I have a grouped data frame (meaning that I have a list of patients and each patient has several treatments). I now want to remove all rows, that do not meet a specific criteria:
The last column contains yes and no. I only want the rows that contains the last no and the first yes.
PATIENT.ID Caffeinefactor
---------------------------
21 no
21 no
21 no
21 yes
21 yes
34 no
34 no
34 yes
34 yes
16 no
16 no
DF = structure(list(PATIENT.ID = c(210625L, 210625L, 210625L, 210625L,
210625L, 210625L, 210625L, 210625L, 210625L, 210625L, 210625L,
210625L, 210625L, 210625L, 210625L, 210625L, 210625L, 220909L,
220909L, 220909L, 220909L, 220909L, 220909L, 220909L, 220909L,
220909L, 220909L, 221179L, 221179L, 221179L, 221179L, 221179L,
221179L, 221179L, 221179L, 221179L, 221179L, 221179L, 221179L,
221179L, 221179L, 301705L, 301705L, 301705L, 301705L, 301705L,
301705L, 301705L, 301705L, 301705L, 301705L, 301705L, 301705L,
301705L, 301705L, 301705L, 303926L, 303926L, 303926L, 303926L
), PATIENT.TREATMENT.NUMBER = c(1L, 2L, 4L, 5L, 6L, 7L, 8L, 9L,
10L, 11L, 12L, 13L, 14L, 15L, 16L, 17L, 18L, 1L, 2L, 3L, 4L,
5L, 6L, 7L, 8L, 9L, 10L, 1L, 2L, 3L, 4L, 5L, 6L, 7L, 8L, 9L,
10L, 11L, 12L, 13L, 17L, 1L, 2L, 3L, 4L, 5L, 6L, 7L, 8L, 9L,
10L, 12L, 13L, 14L, 15L, 16L, 1L, 2L, 3L, 4L), Caffeinefactor = c("no",
"no", "no", "no", "yes", "yes", "yes", "no", "yes", "yes", "yes",
"yes", "yes", "no", "no", "yes", "yes", "yes", "yes", "yes",
"yes", "yes", "yes", "yes", "yes", "yes", "no", "no", "no", "no",
"no", "no", "no", "no", "no", "no", "yes", "yes", "yes", "yes",
"yes", "no", "no", "no", "no", "no", "no", "yes", "no", "yes",
"yes", "yes", "yes", "yes", "yes", "yes", "no", "no", "no", "no"
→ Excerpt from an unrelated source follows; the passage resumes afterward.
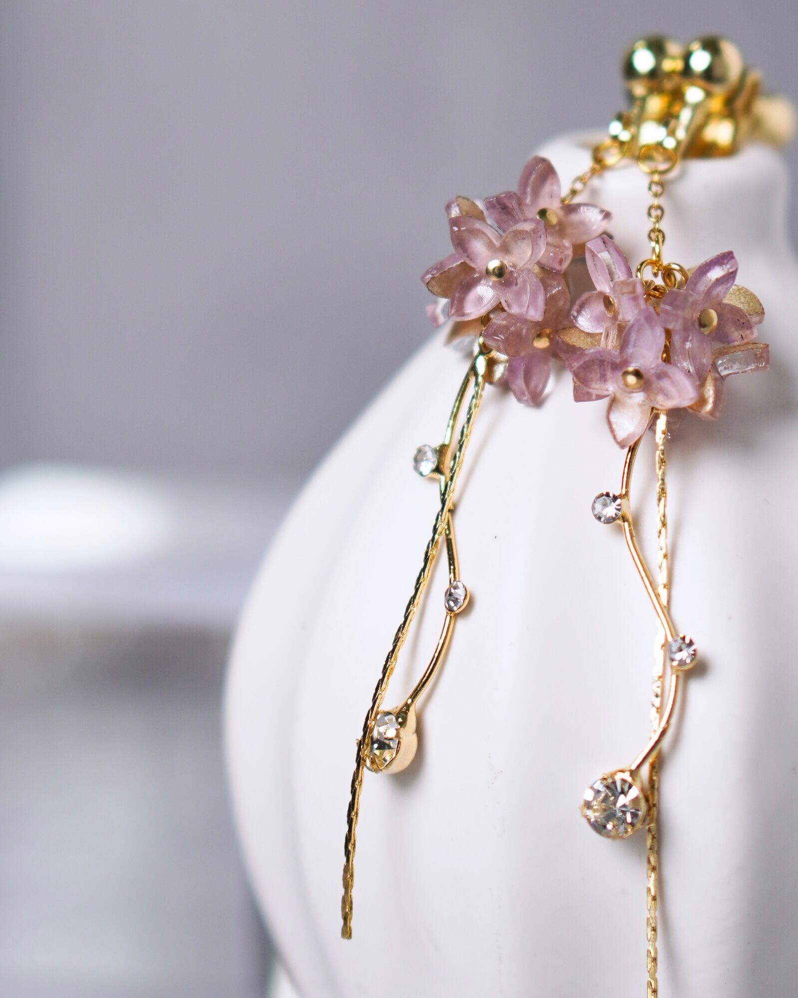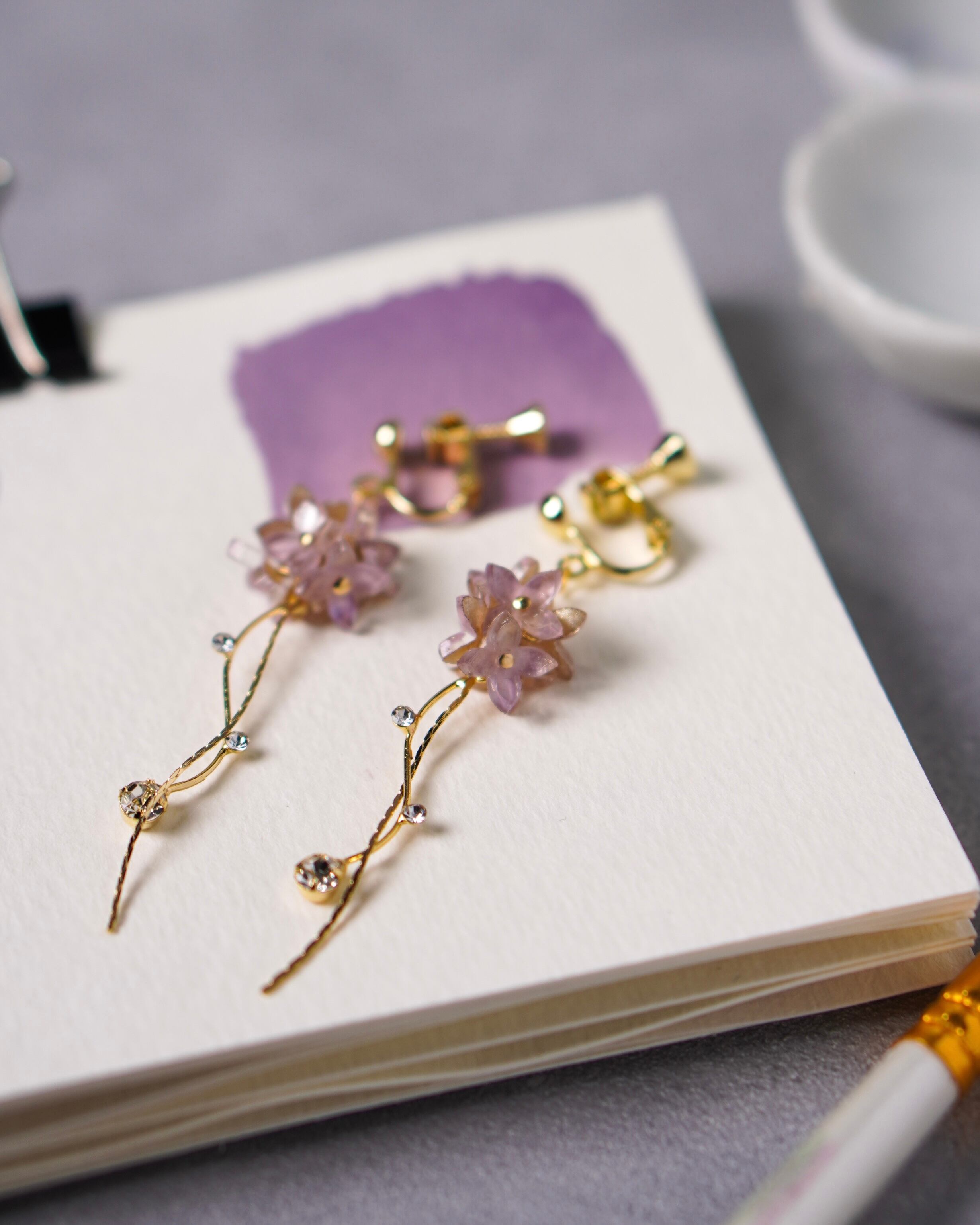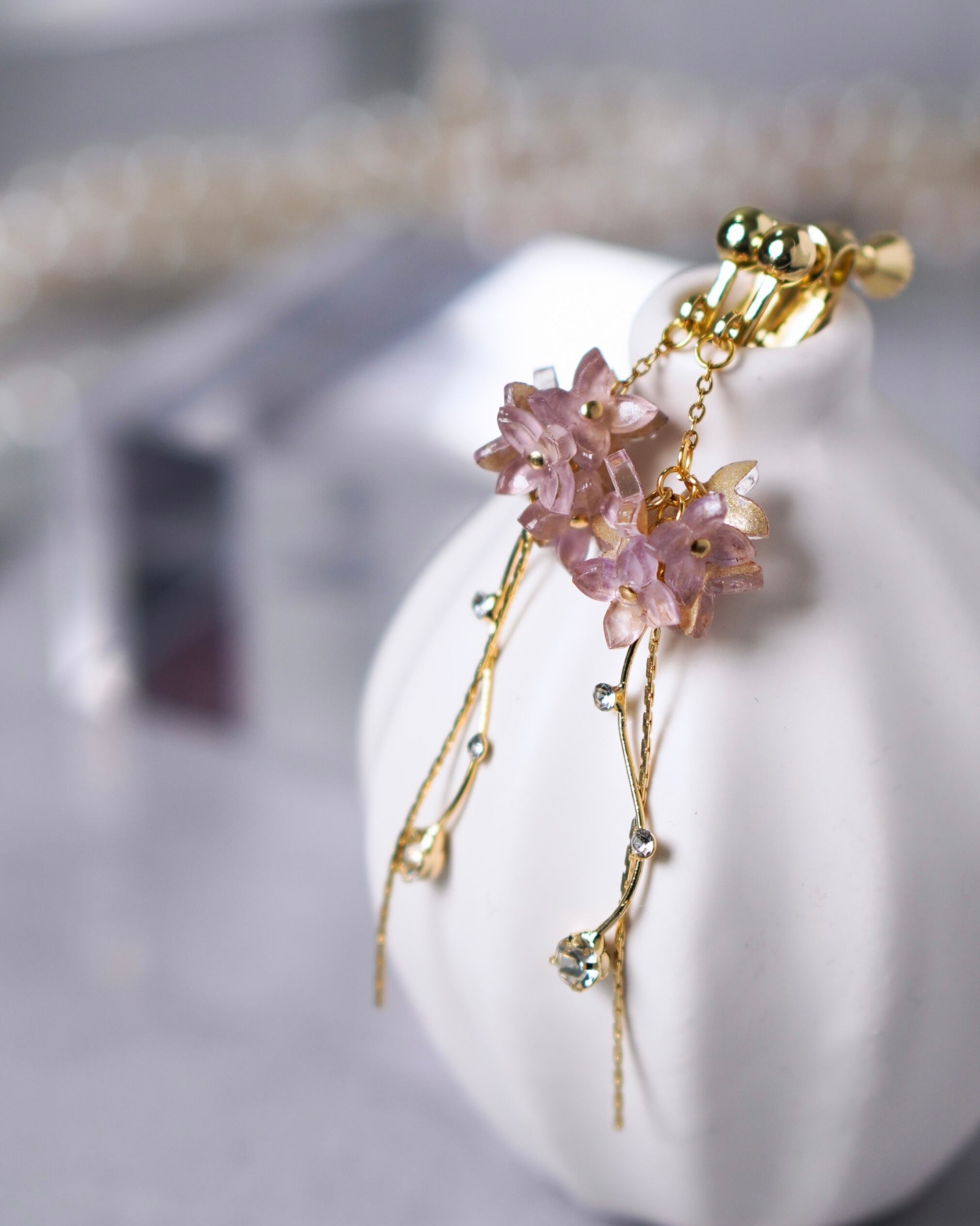 優しく淡い桃色がかった薄紫の花と葉とジルコニアの煌めきが印象的な耳飾りです。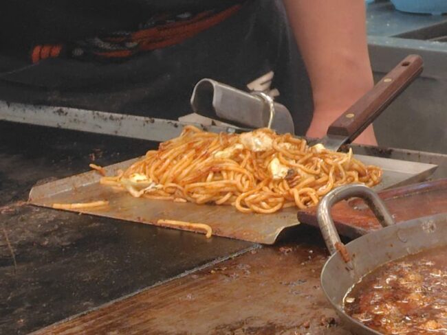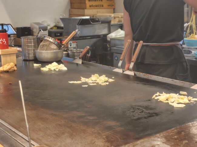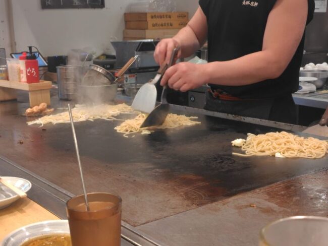 注文してから焼きそばの具材と麺をお店の方が鉄板で焼き始めました。

)), row.names = c(NA, -60L), class = c("data.table", "data.frame"
), .internal.selfref = <pointer: 0x7fe7f7002ee0>)
Expected Output:
PATIENT.ID Caffeinefactor
---------------------------
21 no
21 yes
34 no
34 yes
I started off with this code:
daf1 <- df %>%
group_by(PATIENT.ID) %>%
mutate(firstc = (Caffeinefactor == 'yes' & lag(Caffeinefactor) == 'no')) %>%
# Find the first row with `double_B` in each group, filter out rows after it
filter(row_number() <= min(which(firstc == TRUE)))
however, I cannot seem to solve the problem, to delete everything before AND after the two needed rows.